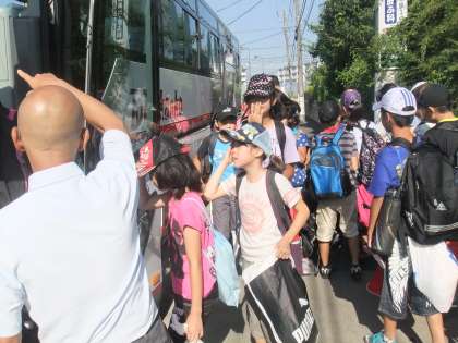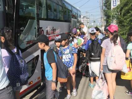 今日、5年生が静岡県の清水市へ移動教室に行きました。みんな元気に出発しました。今日は、お茶摘み体験、工場見学、地引網、三保の松原の見学などをしています。詳しくは、帰ってきてからホームページで紹介します。
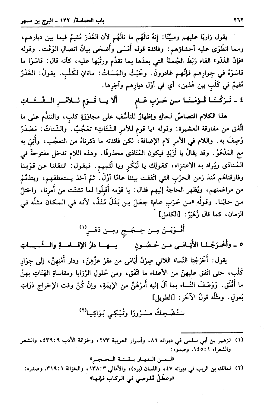 هذا الكلام اقتصاصٌ لحاله، وإظهارٌ للتأسف على مجاورة كلبٍ، والتندم على ما اتفق من مفارقة العشيرة: وقوله " يا قوم للأمر الشتات " تعجبٌ. والشتات: مصدرٌ وصف به. واللام في الأمر لام الإضافة، لكن فائدته ما ذكرناه من التعجب، وأتى به مع المدعو. وقد يقال يا لزيدٍ فيكون المنادى محذوفاَ. وهذه اللام تدخل مفتوحةً في المنادى ويراد به الاعتزاء، كقولك يا لبكرٍ ويا لتميمٍ. فيقول: انتقلنا عن قومنا وفارقناهم منذ زمن الحرب التي اتفقت بيننا عاماً أول. ثم أخذ يستعطفهم، ويتذمم من مراغمتهم، ويظهر الحاجة إليهم فقال: يا قوم أقبلوا لما تشتت من أمرنا، واختل من حالنا. وقوله " من حرب عامٍ " جعل من بدل من، لأنه في المكان مثله في الزمان، كما قال زهيرٌ:
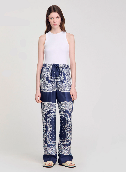 Sandro Bandana Print Floaty Trousers UK 10
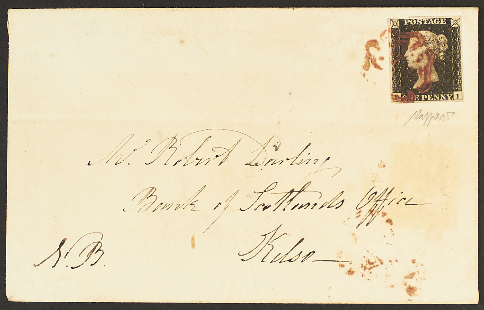 1840 - Prima emissione 1 p. nero - Insieme di sette lettere di qualità selezionata - Unito un esemplare sciolto usato e alcuni francobolli di Francia e Giappone - Un certificato

ABOUT THIS EXERCISE:
Reproduce every line of the data above, exactly as it stands, but not the pictures.

WRITTEN SOLUTION:
 今日、5年生が静岡県の清水市へ移動教室に行きました。みんな元気に出発しました。今日は、お茶摘み体験、工場見学、地引網、三保の松原の見学などをしています。詳しくは、帰ってきてからホームページで紹介します。
 هذا الكلام اقتصاصٌ لحاله، وإظهارٌ للتأسف على مجاورة كلبٍ، والتندم على ما اتفق من مفارقة العشيرة: وقوله " يا قوم للأمر الشتات " تعجبٌ. والشتات: مصدرٌ وصف به. واللام في الأمر لام الإضافة، لكن فائدته ما ذكرناه من التعجب، وأتى به مع المدعو. وقد يقال يا لزيدٍ فيكون المنادى محذوفاَ. وهذه اللام تدخل مفتوحةً في المنادى ويراد به الاعتزاء، كقولك يا لبكرٍ ويا لتميمٍ. فيقول: انتقلنا عن قومنا وفارقناهم منذ زمن الحرب التي اتفقت بيننا عاماً أول. ثم أخذ يستعطفهم، ويتذمم من مراغمتهم، ويظهر الحاجة إليهم فقال: يا قوم أقبلوا لما تشتت من أمرنا، واختل من حالنا. وقوله " من حرب عامٍ " جعل من بدل من، لأنه في المكان مثله في الزمان، كما قال زهيرٌ:
 Sandro Bandana Print Floaty Trousers UK 10
 1840 - Prima emissione 1 p. nero - Insieme di sette lettere di qualità selezionata - Unito un esemplare sciolto usato e alcuni francobolli di Francia e Giappone - Un certificato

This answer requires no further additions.